Task description. What you return should match the data word for word, minus the images.

Stored data.
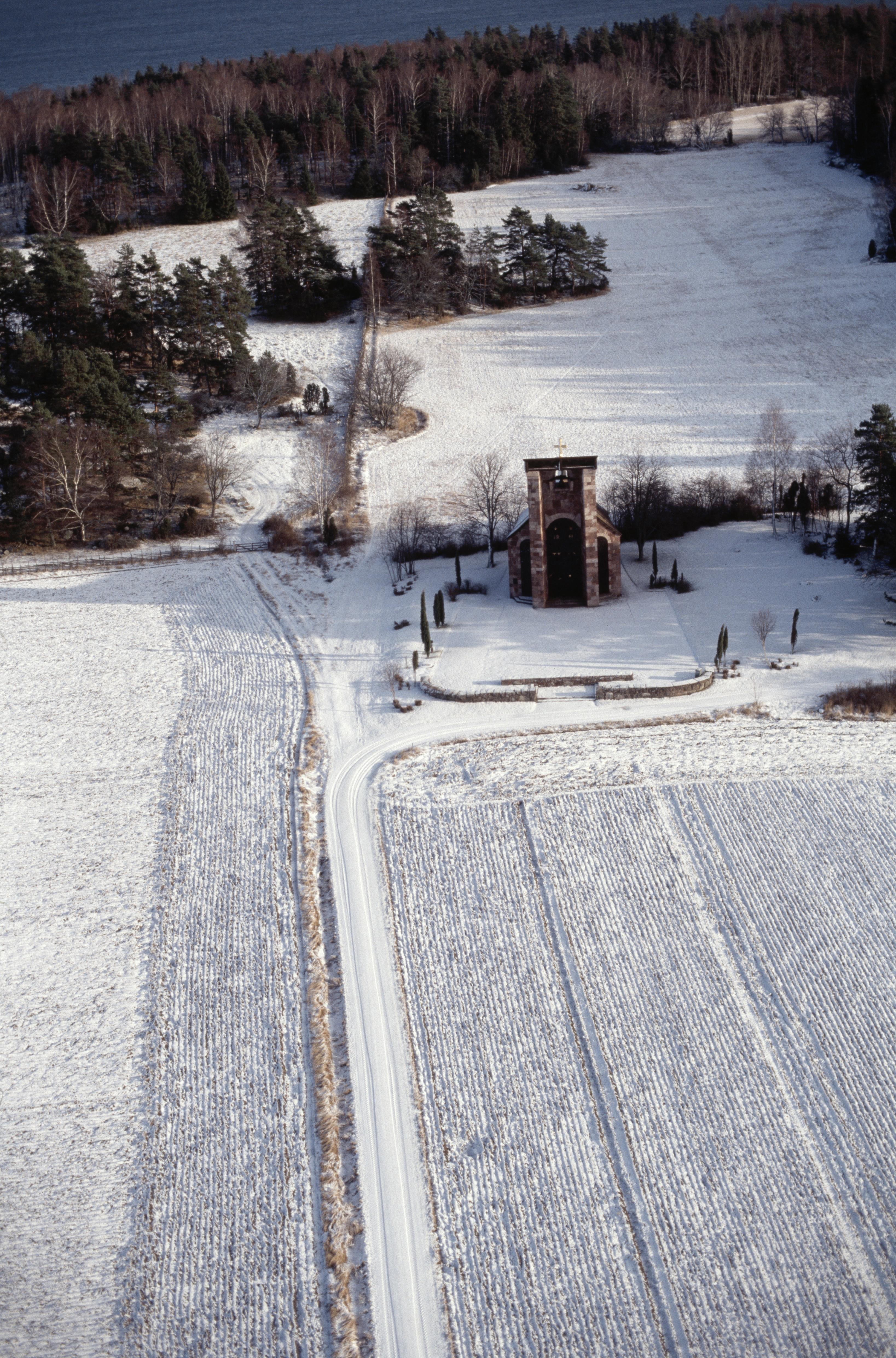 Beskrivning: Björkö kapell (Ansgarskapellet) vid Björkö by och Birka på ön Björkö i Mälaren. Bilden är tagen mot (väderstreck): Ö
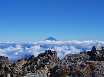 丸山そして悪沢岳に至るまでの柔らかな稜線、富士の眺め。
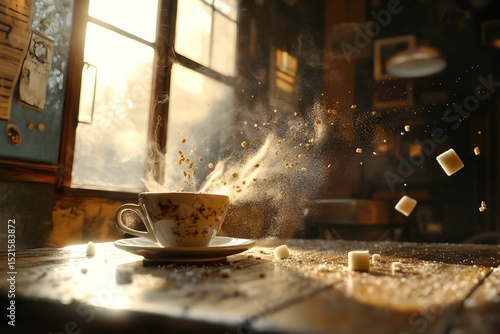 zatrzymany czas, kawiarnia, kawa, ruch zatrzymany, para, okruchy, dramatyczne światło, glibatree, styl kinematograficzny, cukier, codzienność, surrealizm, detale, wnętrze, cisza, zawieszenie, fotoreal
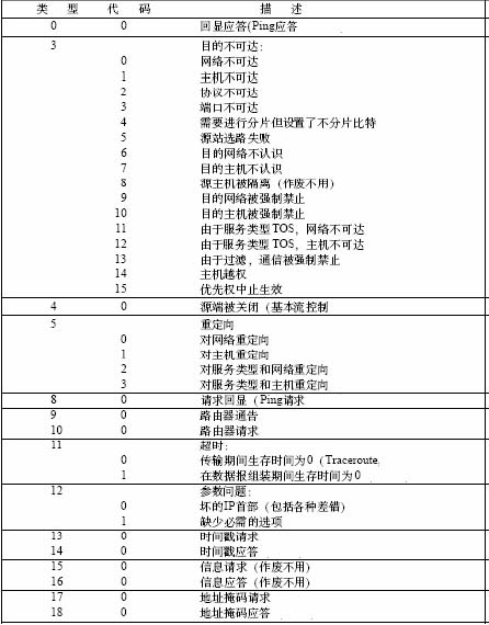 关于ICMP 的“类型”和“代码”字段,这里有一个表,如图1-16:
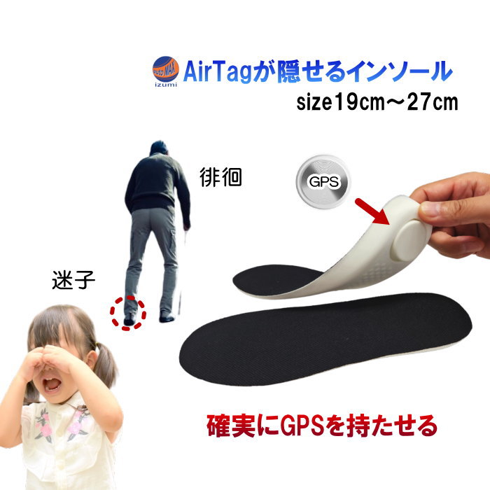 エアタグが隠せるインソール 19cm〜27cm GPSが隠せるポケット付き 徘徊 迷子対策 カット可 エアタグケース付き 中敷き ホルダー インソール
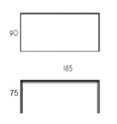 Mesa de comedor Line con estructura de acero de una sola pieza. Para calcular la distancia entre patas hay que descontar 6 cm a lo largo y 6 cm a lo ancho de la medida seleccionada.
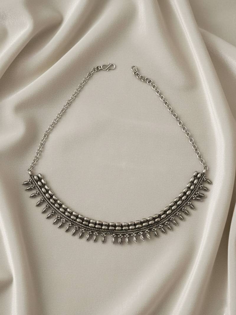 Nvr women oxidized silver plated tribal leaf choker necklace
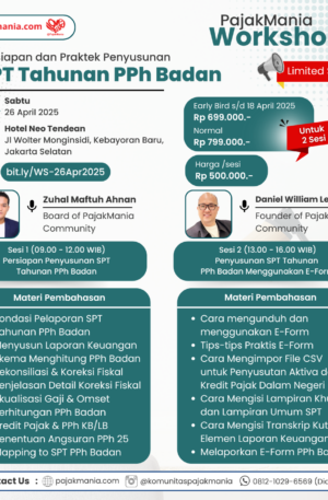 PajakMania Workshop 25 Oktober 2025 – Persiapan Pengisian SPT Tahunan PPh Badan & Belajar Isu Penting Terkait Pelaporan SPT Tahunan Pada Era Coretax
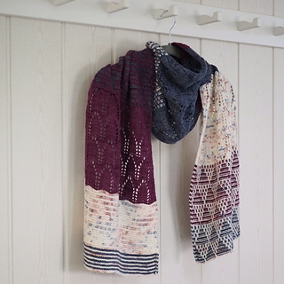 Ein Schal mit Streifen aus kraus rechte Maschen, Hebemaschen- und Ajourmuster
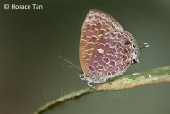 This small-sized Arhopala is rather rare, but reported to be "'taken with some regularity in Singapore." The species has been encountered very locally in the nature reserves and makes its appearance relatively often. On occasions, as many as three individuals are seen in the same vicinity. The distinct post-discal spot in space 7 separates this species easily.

Exercise response.
 Beskrivning: Björkö kapell (Ansgarskapellet) vid Björkö by och Birka på ön Björkö i Mälaren. Bilden är tagen mot (väderstreck): Ö
 丸山そして悪沢岳に至るまでの柔らかな稜線、富士の眺め。
 zatrzymany czas, kawiarnia, kawa, ruch zatrzymany, para, okruchy, dramatyczne światło, glibatree, styl kinematograficzny, cukier, codzienność, surrealizm, detale, wnętrze, cisza, zawieszenie, fotoreal
 关于ICMP 的“类型”和“代码”字段,这里有一个表,如图1-16:
 エアタグが隠せるインソール 19cm〜27cm GPSが隠せるポケット付き 徘徊 迷子対策 カット可 エアタグケース付き 中敷き ホルダー インソール
 Mesa de comedor Line con estructura de acero de una sola pieza. Para calcular la distancia entre patas hay que descontar 6 cm a lo largo y 6 cm a lo ancho de la medida seleccionada.
 Nvr women oxidized silver plated tribal leaf choker necklace
 PajakMania Workshop 25 Oktober 2025 – Persiapan Pengisian SPT Tahunan PPh Badan & Belajar Isu Penting Terkait Pelaporan SPT Tahunan Pada Era Coretax
 Ein Schal mit Streifen aus kraus rechte Maschen, Hebemaschen- und Ajourmuster
 This small-sized Arhopala is rather rare, but reported to be "'taken with some regularity in Singapore." The species has been encountered very locally in the nature reserves and makes its appearance relatively often. On occasions, as many as three individuals are seen in the same vicinity. The distinct post-discal spot in space 7 separates this species easily.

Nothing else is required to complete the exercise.